__Required action__.
Please take the records that follow and repeat exactly the lines starting with the line with "Beef Chief Biltong" and going on through the line with "See why over".

__Data for this exercise__.
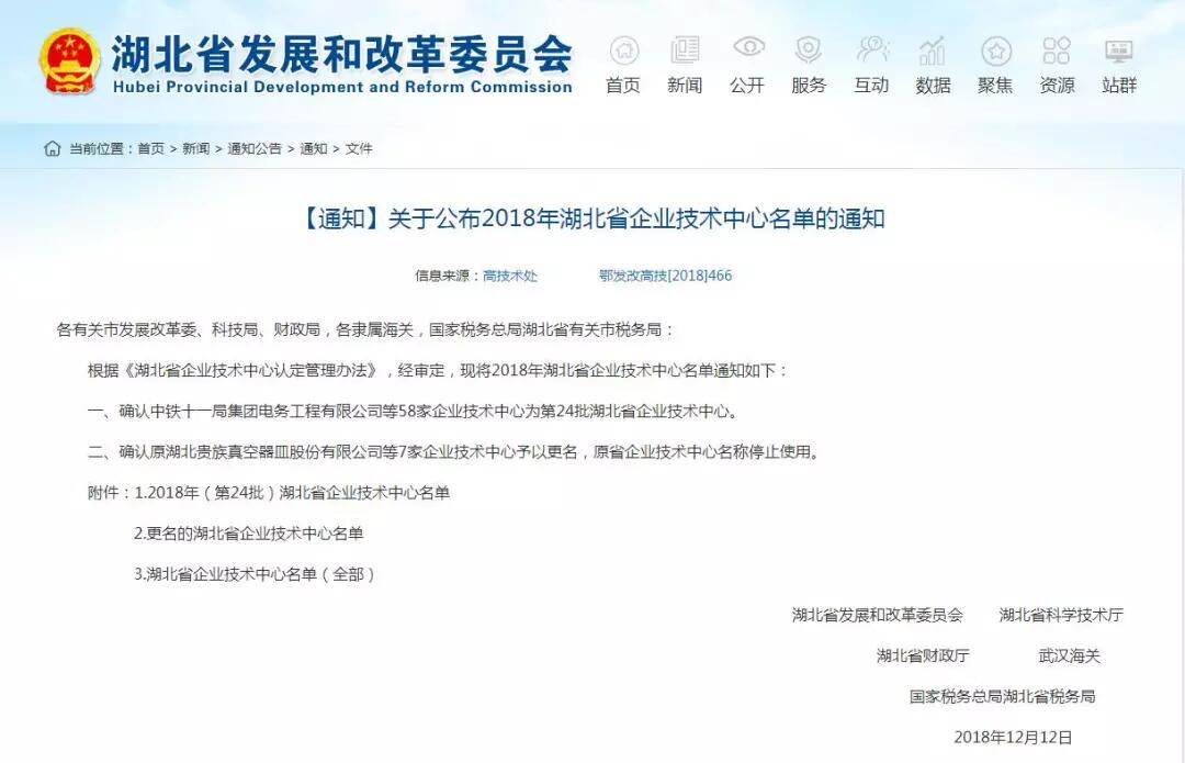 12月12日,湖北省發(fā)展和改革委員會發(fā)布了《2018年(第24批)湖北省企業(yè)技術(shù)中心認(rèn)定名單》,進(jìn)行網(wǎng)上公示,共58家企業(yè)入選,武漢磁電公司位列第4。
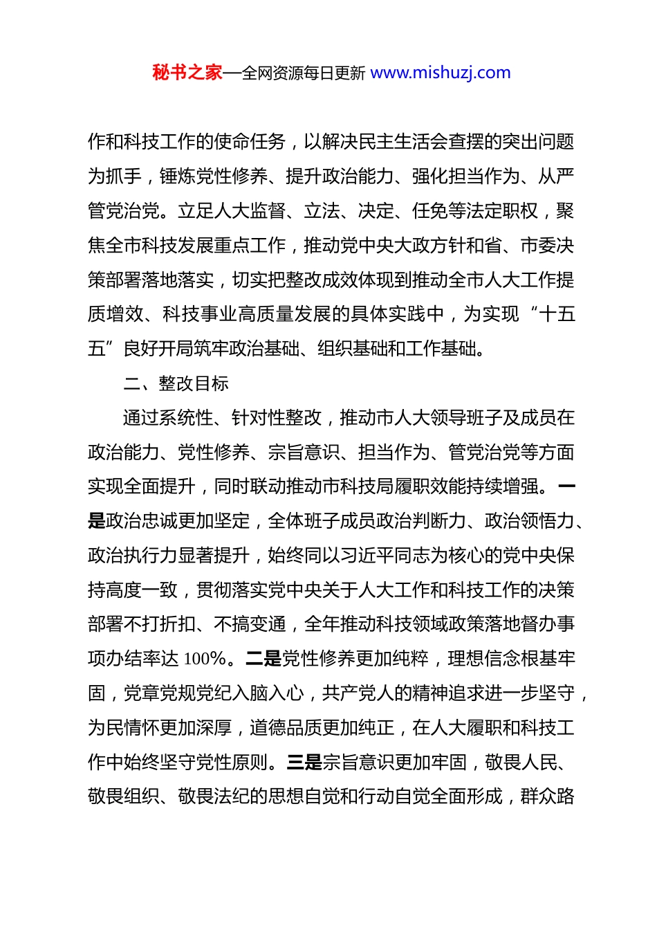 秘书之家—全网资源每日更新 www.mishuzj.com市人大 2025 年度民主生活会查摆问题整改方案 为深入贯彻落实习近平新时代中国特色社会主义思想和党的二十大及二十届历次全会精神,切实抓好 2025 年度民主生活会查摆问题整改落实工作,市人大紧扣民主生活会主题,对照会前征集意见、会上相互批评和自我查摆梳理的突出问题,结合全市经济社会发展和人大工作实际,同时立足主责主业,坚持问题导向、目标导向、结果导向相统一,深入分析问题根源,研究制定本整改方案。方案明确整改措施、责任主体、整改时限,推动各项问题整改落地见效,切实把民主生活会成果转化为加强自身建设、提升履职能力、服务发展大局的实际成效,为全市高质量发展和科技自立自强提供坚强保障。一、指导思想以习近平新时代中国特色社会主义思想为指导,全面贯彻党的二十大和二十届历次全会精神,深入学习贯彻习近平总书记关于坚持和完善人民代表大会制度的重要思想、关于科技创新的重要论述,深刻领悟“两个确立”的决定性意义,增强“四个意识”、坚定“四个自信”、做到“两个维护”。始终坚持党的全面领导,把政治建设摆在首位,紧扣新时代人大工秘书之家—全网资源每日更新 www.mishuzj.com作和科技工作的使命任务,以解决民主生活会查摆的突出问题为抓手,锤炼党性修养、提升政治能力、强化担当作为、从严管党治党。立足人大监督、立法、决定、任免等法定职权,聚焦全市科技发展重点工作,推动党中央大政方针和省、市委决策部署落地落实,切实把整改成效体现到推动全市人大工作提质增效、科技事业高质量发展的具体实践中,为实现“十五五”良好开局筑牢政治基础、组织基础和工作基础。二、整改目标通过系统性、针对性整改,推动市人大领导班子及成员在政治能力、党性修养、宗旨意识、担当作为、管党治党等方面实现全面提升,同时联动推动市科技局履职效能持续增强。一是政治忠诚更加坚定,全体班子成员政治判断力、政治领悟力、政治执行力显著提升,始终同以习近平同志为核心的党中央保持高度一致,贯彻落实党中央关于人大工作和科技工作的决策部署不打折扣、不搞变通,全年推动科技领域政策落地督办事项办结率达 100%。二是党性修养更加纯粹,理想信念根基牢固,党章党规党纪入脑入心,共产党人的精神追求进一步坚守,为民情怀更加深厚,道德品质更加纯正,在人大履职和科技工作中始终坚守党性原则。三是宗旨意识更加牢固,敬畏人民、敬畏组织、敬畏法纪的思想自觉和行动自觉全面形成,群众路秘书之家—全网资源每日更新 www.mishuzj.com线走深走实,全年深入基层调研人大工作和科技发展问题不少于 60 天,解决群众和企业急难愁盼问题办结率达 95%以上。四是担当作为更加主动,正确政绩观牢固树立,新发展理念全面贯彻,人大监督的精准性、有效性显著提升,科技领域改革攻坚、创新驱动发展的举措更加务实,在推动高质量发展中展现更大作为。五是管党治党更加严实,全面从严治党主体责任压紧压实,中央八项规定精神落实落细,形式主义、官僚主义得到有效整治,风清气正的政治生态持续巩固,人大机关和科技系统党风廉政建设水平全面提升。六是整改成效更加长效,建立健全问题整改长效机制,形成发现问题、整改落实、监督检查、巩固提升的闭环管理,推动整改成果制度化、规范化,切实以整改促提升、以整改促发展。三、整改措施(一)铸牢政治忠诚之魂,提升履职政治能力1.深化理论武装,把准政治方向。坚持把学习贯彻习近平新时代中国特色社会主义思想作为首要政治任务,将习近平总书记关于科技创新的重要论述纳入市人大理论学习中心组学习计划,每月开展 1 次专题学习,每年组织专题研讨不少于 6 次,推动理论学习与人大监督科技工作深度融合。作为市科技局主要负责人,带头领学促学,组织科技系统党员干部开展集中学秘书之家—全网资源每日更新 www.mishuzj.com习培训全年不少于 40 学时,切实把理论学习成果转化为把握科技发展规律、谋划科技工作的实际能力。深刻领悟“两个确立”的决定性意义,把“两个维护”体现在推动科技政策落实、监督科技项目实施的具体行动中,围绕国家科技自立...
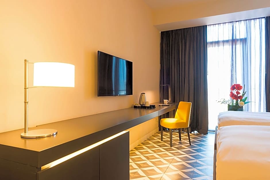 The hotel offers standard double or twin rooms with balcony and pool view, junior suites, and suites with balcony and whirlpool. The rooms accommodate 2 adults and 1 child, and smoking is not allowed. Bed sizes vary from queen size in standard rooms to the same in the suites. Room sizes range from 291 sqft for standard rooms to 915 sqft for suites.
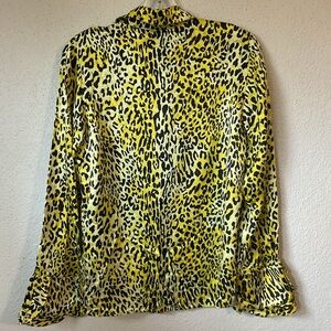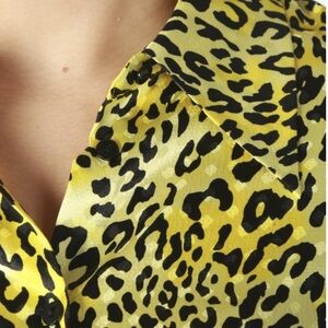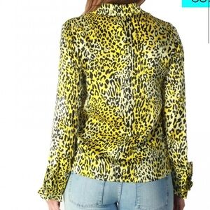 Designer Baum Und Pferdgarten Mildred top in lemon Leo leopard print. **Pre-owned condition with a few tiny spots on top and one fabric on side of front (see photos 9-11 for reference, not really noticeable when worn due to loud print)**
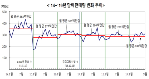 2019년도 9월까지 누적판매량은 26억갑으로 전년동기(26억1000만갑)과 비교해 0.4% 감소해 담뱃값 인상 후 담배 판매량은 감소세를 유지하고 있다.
---
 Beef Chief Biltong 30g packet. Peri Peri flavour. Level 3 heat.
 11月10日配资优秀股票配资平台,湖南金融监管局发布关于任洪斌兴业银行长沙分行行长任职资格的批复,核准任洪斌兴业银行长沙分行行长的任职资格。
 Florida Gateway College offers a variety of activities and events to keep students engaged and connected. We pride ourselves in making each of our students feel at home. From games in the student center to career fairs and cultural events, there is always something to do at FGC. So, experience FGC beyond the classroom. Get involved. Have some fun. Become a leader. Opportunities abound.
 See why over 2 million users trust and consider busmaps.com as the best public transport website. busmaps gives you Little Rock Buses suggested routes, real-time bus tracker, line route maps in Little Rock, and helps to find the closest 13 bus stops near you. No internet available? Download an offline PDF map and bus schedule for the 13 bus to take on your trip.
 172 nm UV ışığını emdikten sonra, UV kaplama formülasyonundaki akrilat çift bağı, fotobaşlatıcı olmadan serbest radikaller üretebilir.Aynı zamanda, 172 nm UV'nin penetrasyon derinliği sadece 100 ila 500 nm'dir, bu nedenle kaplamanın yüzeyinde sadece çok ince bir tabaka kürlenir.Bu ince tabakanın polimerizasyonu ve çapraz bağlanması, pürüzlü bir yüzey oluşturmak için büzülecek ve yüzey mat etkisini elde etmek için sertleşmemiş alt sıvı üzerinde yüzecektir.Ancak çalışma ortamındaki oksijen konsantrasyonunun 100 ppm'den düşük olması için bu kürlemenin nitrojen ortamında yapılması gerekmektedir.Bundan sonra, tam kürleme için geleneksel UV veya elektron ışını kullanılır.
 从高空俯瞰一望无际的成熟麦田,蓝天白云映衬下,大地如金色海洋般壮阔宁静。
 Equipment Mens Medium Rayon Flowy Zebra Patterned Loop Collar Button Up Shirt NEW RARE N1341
--
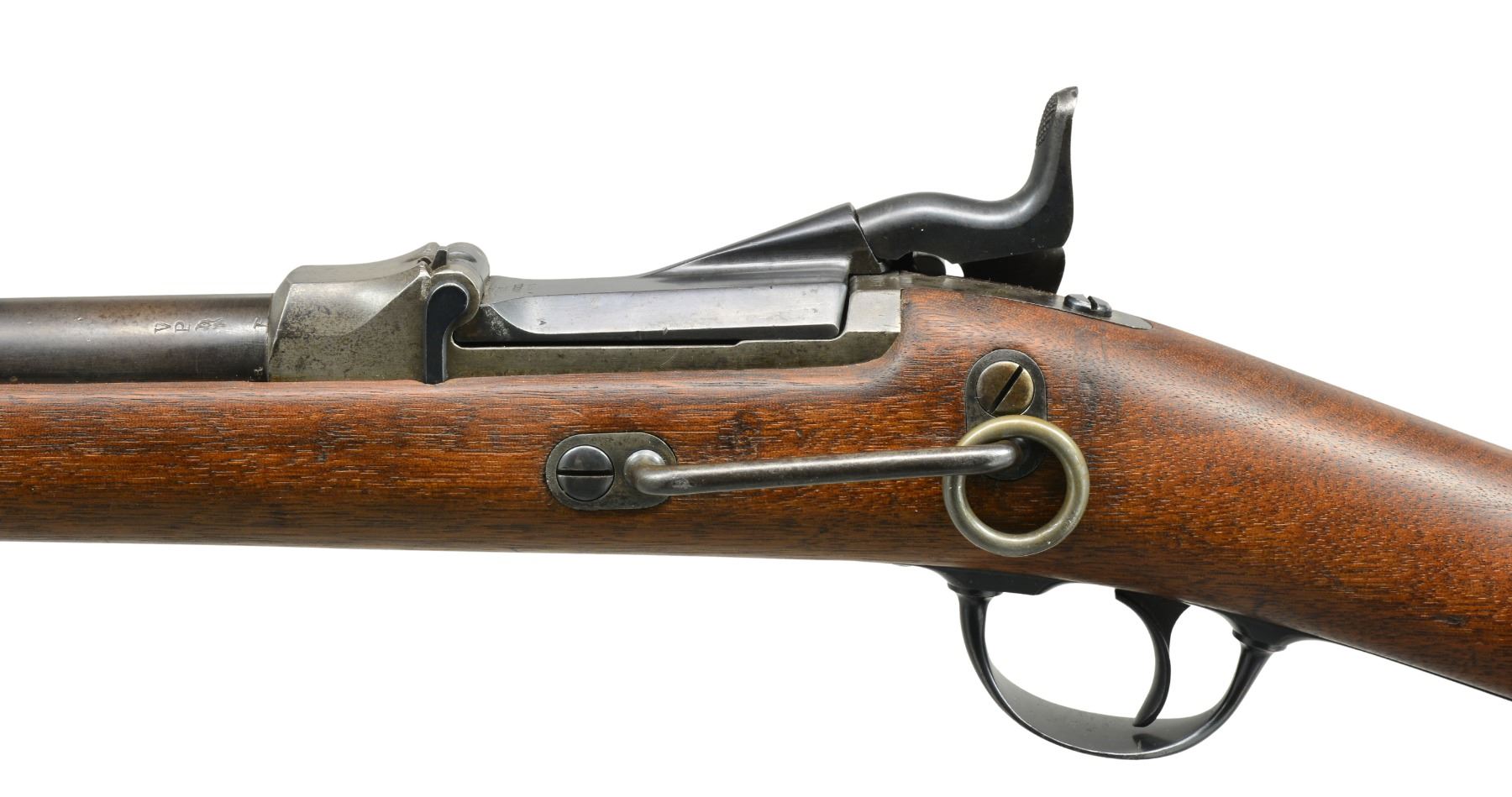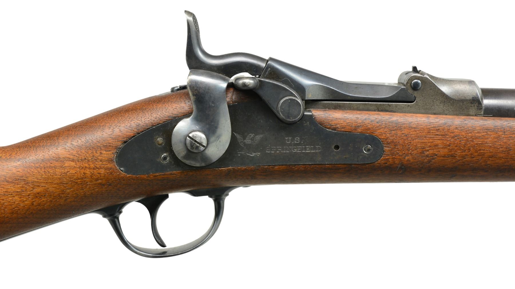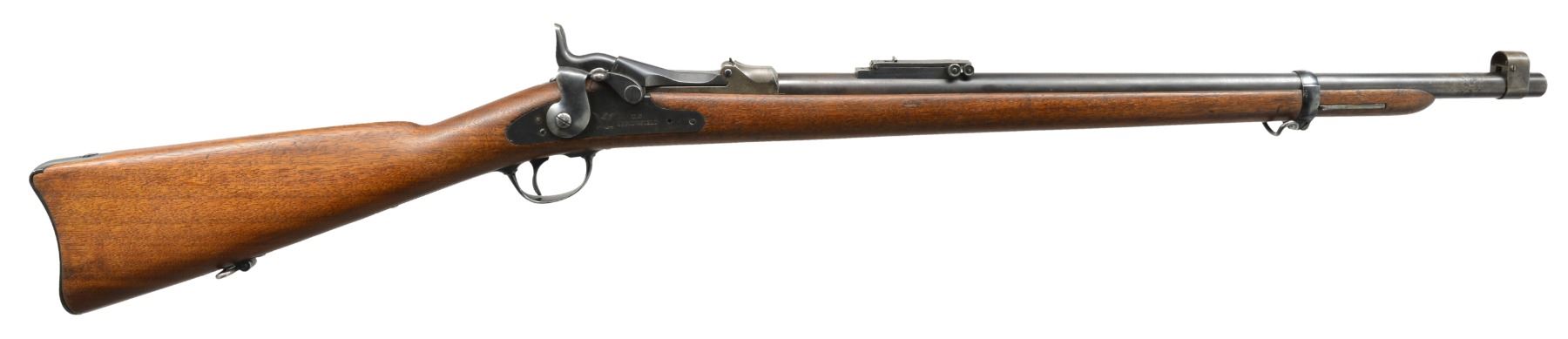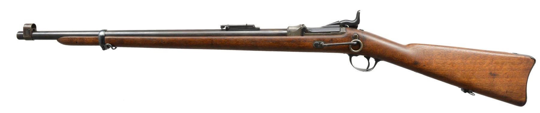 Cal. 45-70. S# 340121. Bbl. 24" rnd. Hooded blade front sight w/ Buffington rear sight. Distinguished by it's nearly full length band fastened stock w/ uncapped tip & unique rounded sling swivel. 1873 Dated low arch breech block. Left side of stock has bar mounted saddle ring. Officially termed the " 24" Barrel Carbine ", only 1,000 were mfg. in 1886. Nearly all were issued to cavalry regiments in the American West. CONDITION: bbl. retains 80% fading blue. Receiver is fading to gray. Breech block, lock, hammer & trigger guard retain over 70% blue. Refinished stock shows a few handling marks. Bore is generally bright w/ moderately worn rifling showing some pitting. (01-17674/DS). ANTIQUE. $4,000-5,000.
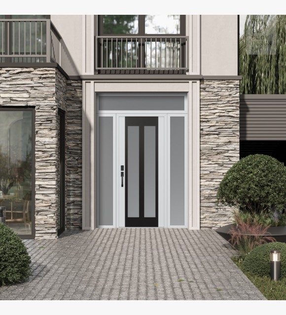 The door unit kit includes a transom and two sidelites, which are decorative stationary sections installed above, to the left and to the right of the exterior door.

__Your solution__.
 Beef Chief Biltong 30g packet. Peri Peri flavour. Level 3 heat.
 11月10日配资优秀股票配资平台,湖南金融监管局发布关于任洪斌兴业银行长沙分行行长任职资格的批复,核准任洪斌兴业银行长沙分行行长的任职资格。
 Florida Gateway College offers a variety of activities and events to keep students engaged and connected. We pride ourselves in making each of our students feel at home. From games in the student center to career fairs and cultural events, there is always something to do at FGC. So, experience FGC beyond the classroom. Get involved. Have some fun. Become a leader. Opportunities abound.
 See why over 2 million users trust and consider busmaps.com as the best public transport website. busmaps gives you Little Rock Buses suggested routes, real-time bus tracker, line route maps in Little Rock, and helps to find the closest 13 bus stops near you. No internet available? Download an offline PDF map and bus schedule for the 13 bus to take on your trip.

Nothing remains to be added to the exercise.